[Extracted records]
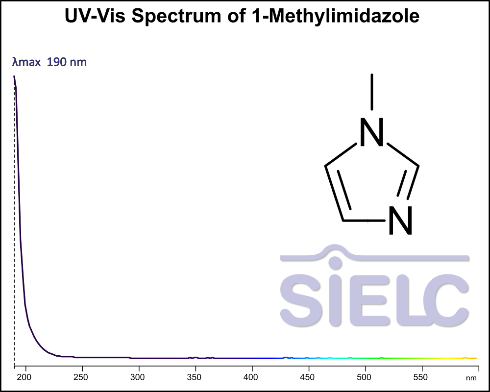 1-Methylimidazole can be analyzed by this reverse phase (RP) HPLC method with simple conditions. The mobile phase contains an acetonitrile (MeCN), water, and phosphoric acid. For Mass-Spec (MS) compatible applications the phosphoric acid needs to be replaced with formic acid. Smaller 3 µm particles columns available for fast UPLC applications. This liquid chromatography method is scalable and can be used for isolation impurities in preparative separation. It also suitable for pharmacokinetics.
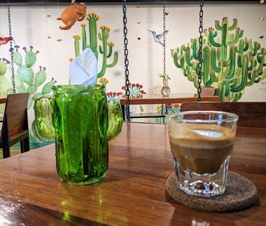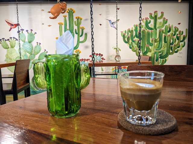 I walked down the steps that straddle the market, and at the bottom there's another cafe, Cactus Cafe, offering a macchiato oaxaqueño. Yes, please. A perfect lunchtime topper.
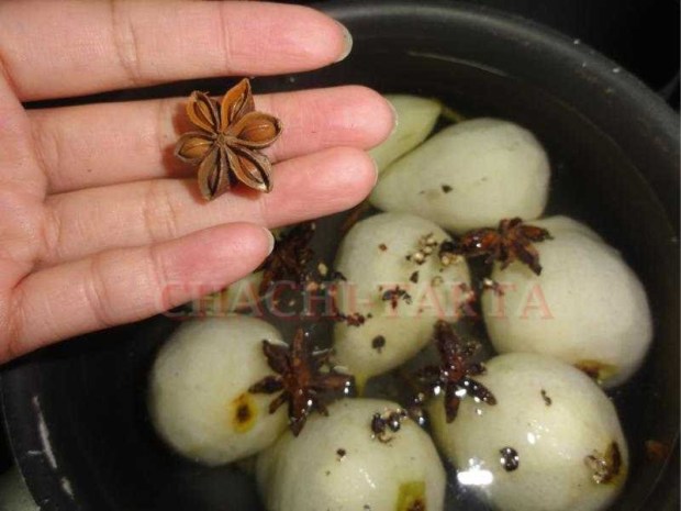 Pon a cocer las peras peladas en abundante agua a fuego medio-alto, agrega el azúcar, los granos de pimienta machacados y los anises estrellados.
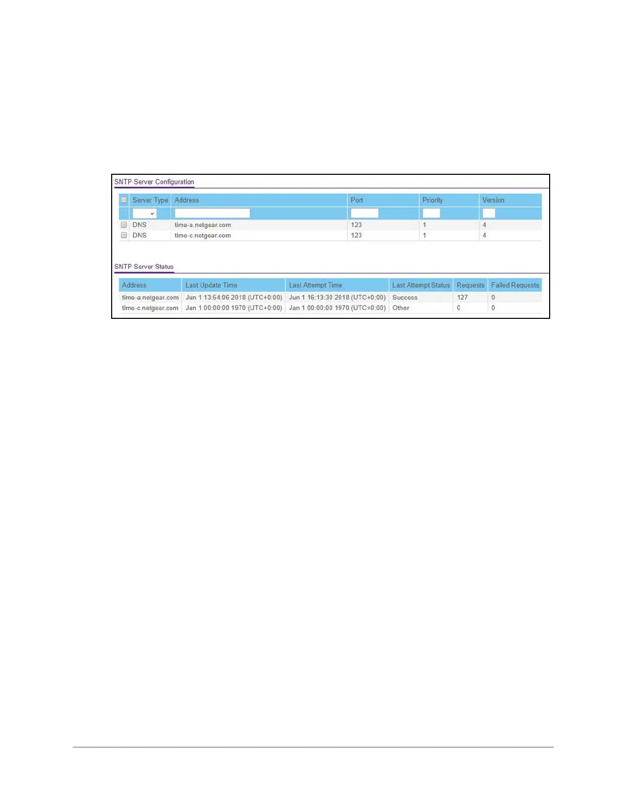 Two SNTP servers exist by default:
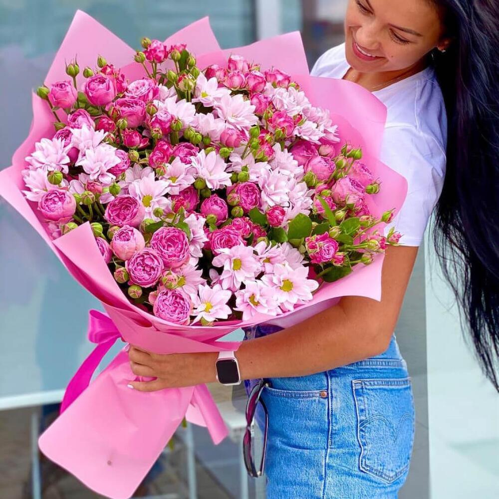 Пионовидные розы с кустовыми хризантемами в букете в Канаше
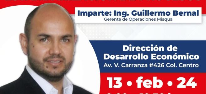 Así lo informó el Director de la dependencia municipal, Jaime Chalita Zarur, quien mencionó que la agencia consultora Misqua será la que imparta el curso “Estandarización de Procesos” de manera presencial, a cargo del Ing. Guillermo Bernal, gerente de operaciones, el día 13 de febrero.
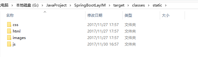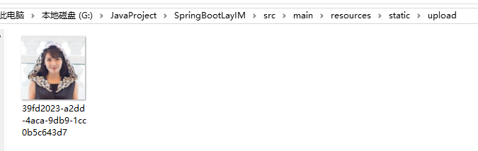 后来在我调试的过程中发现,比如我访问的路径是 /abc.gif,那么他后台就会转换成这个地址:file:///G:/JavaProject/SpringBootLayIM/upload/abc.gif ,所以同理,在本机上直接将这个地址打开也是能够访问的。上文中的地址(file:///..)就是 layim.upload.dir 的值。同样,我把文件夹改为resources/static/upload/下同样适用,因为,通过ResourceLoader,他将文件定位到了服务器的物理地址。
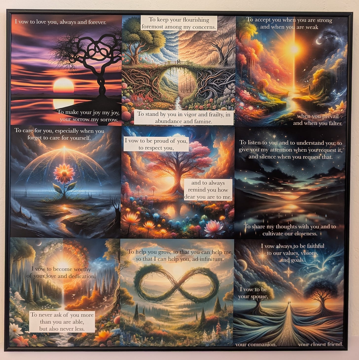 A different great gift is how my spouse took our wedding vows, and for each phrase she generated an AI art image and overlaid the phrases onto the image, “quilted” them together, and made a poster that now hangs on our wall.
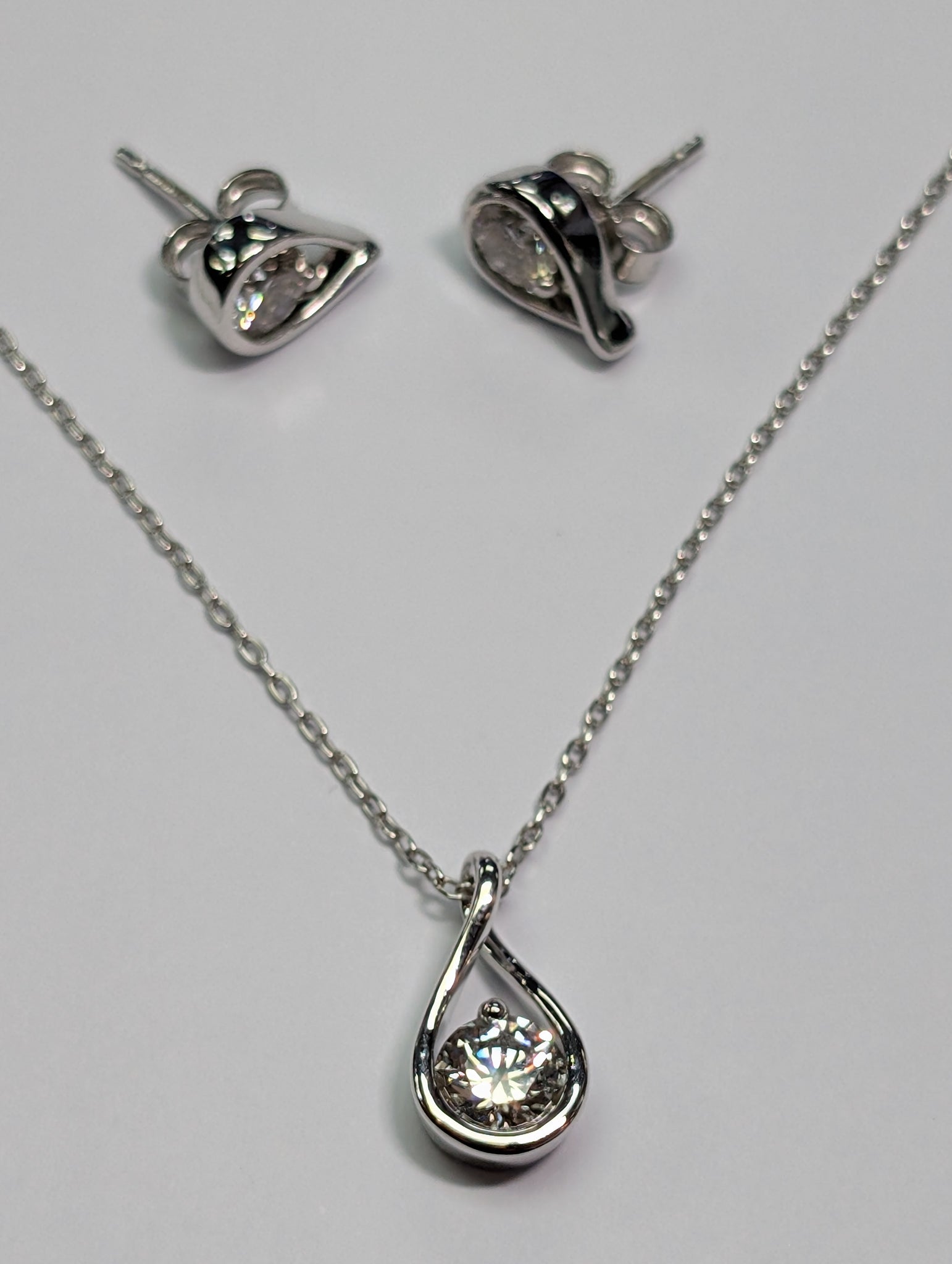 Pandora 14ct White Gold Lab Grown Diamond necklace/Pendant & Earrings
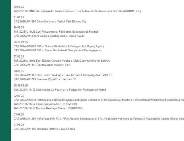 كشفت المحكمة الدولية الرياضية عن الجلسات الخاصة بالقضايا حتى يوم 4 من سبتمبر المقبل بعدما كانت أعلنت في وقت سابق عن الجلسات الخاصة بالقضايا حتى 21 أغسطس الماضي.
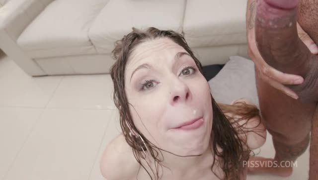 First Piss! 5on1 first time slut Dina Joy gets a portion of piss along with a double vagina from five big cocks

**What you have to do**.
Reproduce the lines from the one holding "Pandora 14ct White" through the end of the entries above exactly, keeping both ends and dropping every picture.

**Solution to the exercise**.
 Pandora 14ct White Gold Lab Grown Diamond necklace/Pendant & Earrings
 كشفت المحكمة الدولية الرياضية عن الجلسات الخاصة بالقضايا حتى يوم 4 من سبتمبر المقبل بعدما كانت أعلنت في وقت سابق عن الجلسات الخاصة بالقضايا حتى 21 أغسطس الماضي.
 First Piss! 5on1 first time slut Dina Joy gets a portion of piss along with a double vagina from five big cocks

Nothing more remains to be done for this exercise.